In my experience, consummating the deal is highly binary in nature. That is, it either goes very smoothly or it becomes costly, time-consuming and altogether painful. The latter description unfortunately matches better with a larger portion of done deals. Consequently, the importance of your Sale and Purchase Agreement cannot be overemphasized or downplayed.
First and foremost, the purpose of any sale and purchase agreement (often referred to as your acquisition agreement) is to set for the financial terms of the transaction itself. It also provides obligations and legal rights given to ALL the parties involved in the transaction (often we forget there can be other important individuals and entities named that don’t necessarily fall in the “buyer” or “seller” category).

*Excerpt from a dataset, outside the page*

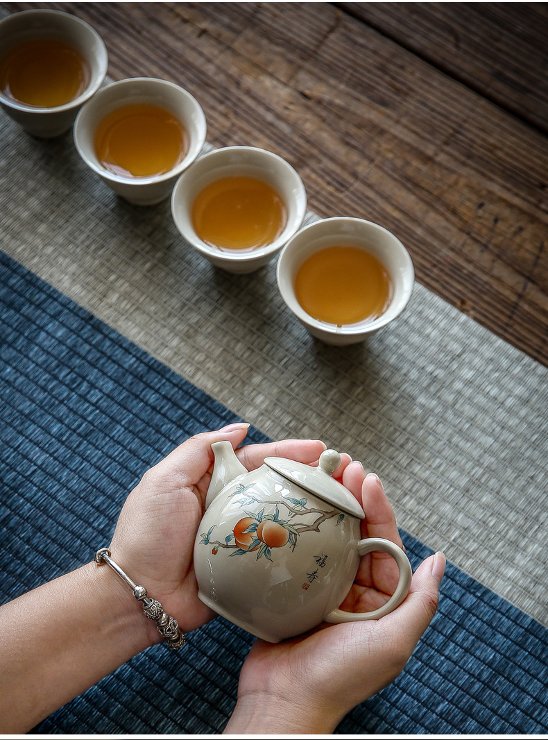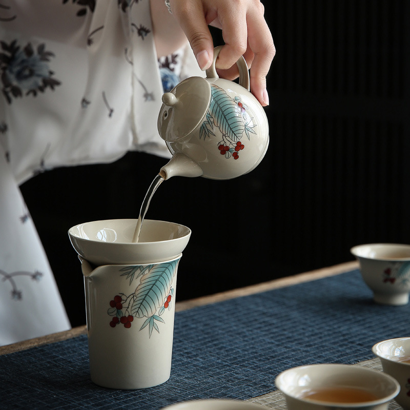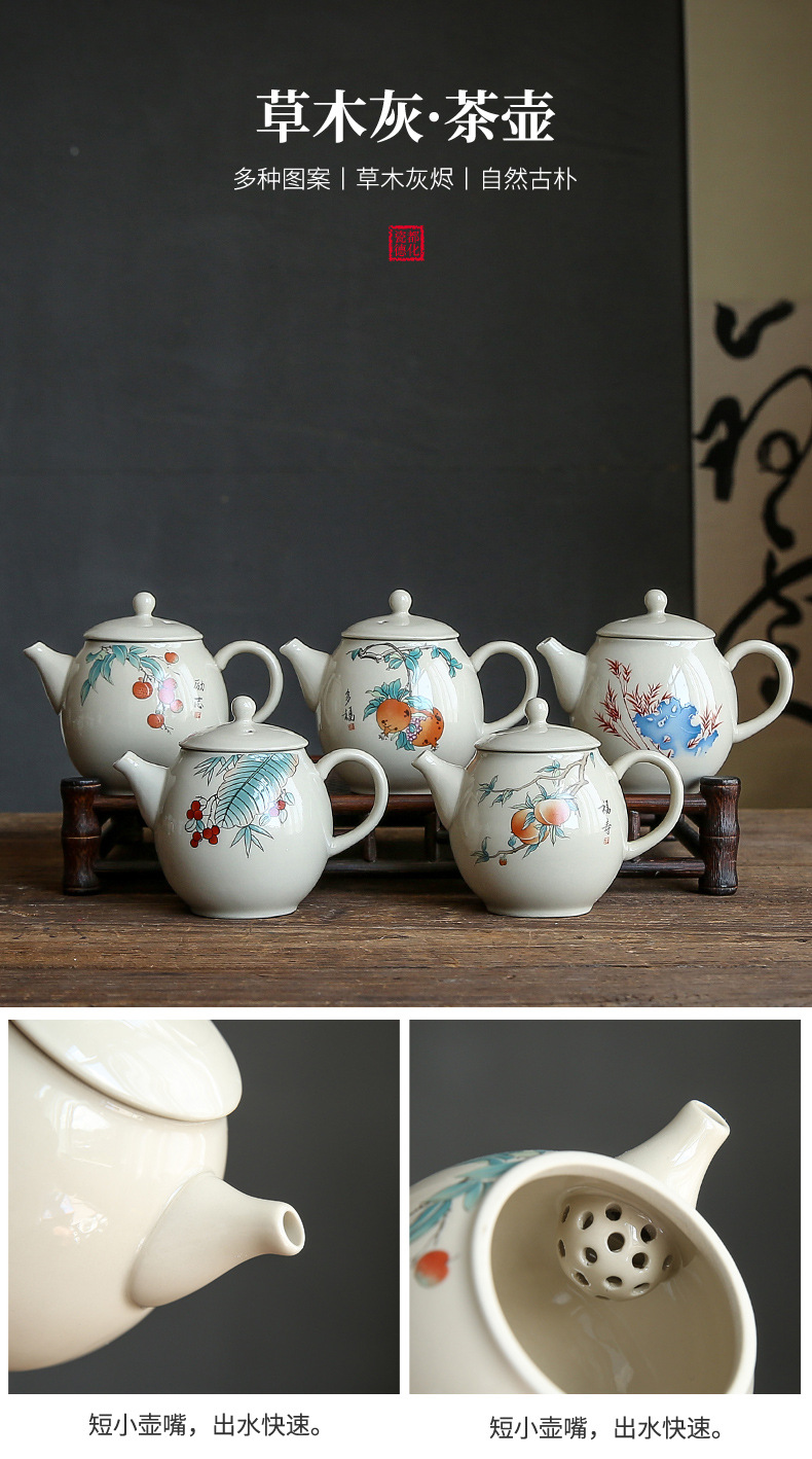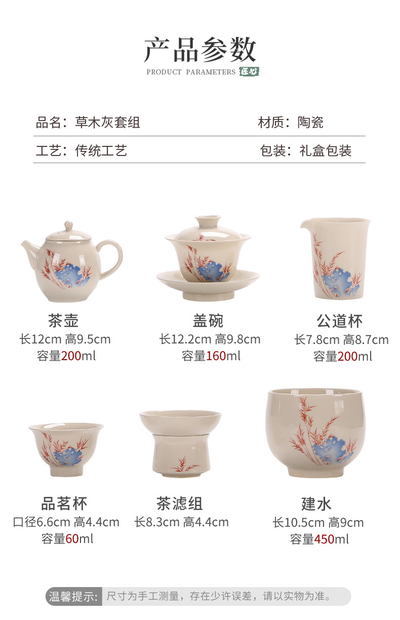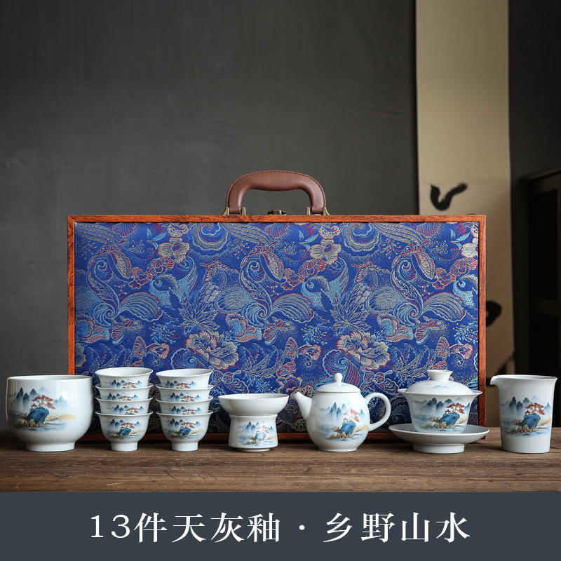 Grass and wood gray glazed tea set, ceramic Kung Fu tea set, office reception tea pot, tea cup gift box, business gift set

Here are some of the functions of your Acquisition Agreement from the perspective of both buyers and sellers.
Acquisition Agreement Inclusions for Buyers
- Buyer receives a detailed description of the business and its assets which are to be purchased.
- Remedies are given to the buyer where the description in the Sale and Purchase Agreement may prove materially inaccurate when Due Diligence eventually takes place.
- The Agreement enumerates the risks associated with the purchase of the business including
Acquisition Agreement Inclusions for Buyers
- The seller receives detailed information in the Acquisition Agreement regarding deal terms and particularly the deal structure (stock vs. cash, earn-out provisions, subsidiary purchases, asset splits etc.)
- Detailed provisions regarding divestiture of specific assets–which can sometimes be harry–are also laid forth.
- Payout terms and processes including wire transfer and routing number information so all parties can be paid when the deal is complete.
Other Inclusions for Both Parties
- Fiduciary issues and duties
- Outlined financial data and info (particularly needed if asset purchases change the material nature of the business)
- Employee matters including compensation, retirement plans and health plans may be included in the purchase agreement.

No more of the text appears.